I remember our first vacation to an island only accessible by boat shortly after you were diagnosed. No grocery stores, pharmacy, or doctors on the island. I remember wanting to cancel that trip. I was terrified. What if you went into DKA? What if you had a hypoglycemic seizure? It was an amazing trip. And, we handled everything just fine. You didn't go into DKA, nor did you or have you ever had a seizure. And, I look at where you have been since then. You've hiked the Narrows at Zion...miles away from any civilization and without cell phone reception. You've gone on boat trips to the middle of the Caribbean Sea where you've snorkeled caves and gone to deserted islands. You've gone to the top of Pike's Peak and deep into the Grand Canyon. All with diabetes tagging along. But, you haven't let it stop you. I have talked aloud as I plan for each adventure---hoping to teach you that the key is just preparing. I watch now as I see you do the same thing. We went back to the same island recently. You did have ketones and we did just fine. We are confident in our diabetes management now. Confident that we can handle most things. We didn't feel that way in the beginning. But, we do now.

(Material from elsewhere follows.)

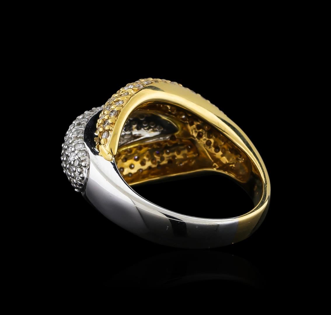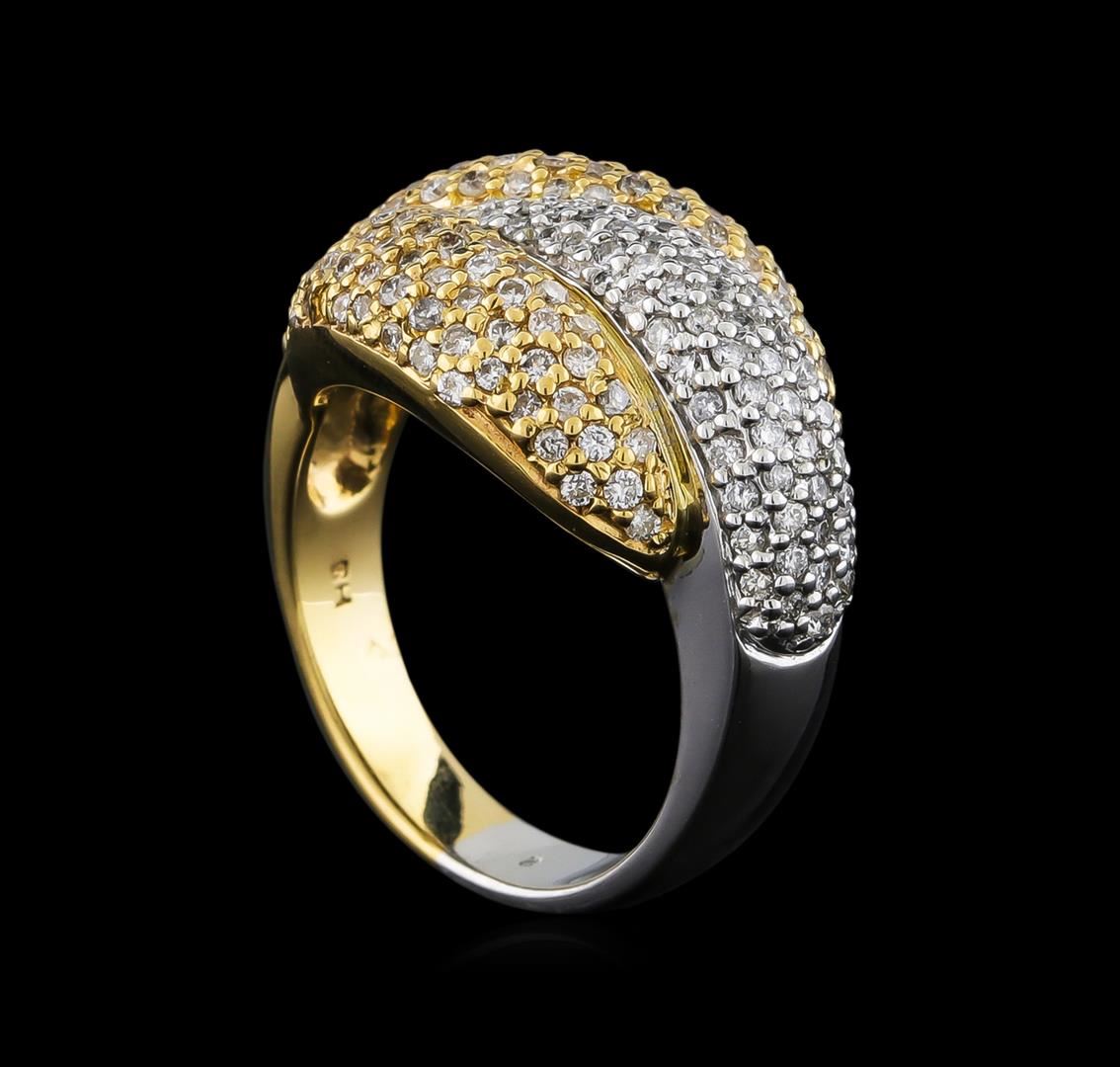 One electronically tested 14KT white and yellow gold lady's combination cast & assembled fashion ring with a bright polish finish. The featured lady's ring has a shank measuring 4.04 millimeters wide. Identified with markings of "14K". Condition is new, good workmanship. Containing: Two Hundred prong set round brilliant cut diamonds, measuring 1.30 - 1.10 x 0.74mm (depth est.) approximate total weight of 200 Stones = 1.30ct. Graded in the setting. Clarity: SI-1 to I-1. Color: G - I. Cut Good. Total Weight of Diamonds 1.30ct. Total Weight of Ring 9.60gm. GAS Appraised at $6,140.00.

Many roads still lay ahead. We have the adolescent years to navigate, and I can't even yet imagine how I will cope with the transition to college. I remember telling a dear friend that the only reason I couldn't wait for those years is that I would finally get some sleep. I was more than a little devastated when she replied "No you won't. You'll still wake up. And, it is even worse because you can't go down the hall and check her and make sure she is fine." But, I believe the bionic pancreas will be here by then. I believe it will be ok.
I wish I had known....
diabetes would make you so compassionate and brave
diabetes would bring our family closer
diabetes would not stop you from thriving and reaching your goals
diabetes gets easier...not easy....but easier
diabetes wouldn't stop us from what we like to do best together...traveling
diabetes would lead to new passions in your dad and I's careers
diabetes would lead us to new friends...it would expand our world
diabetes would lead us to a magical conference in Orlando every July
diabetes would be why I was finally diagnosed with celiac and then I became healthier and stronger
diabetes would simply not stop you...you wouldn't let it win.
I wish I had known that although five plus years later there are still ridiculously hard days, it is ok. You are ok. You are more than ok. You are thriving and I have simply never been so proud of you.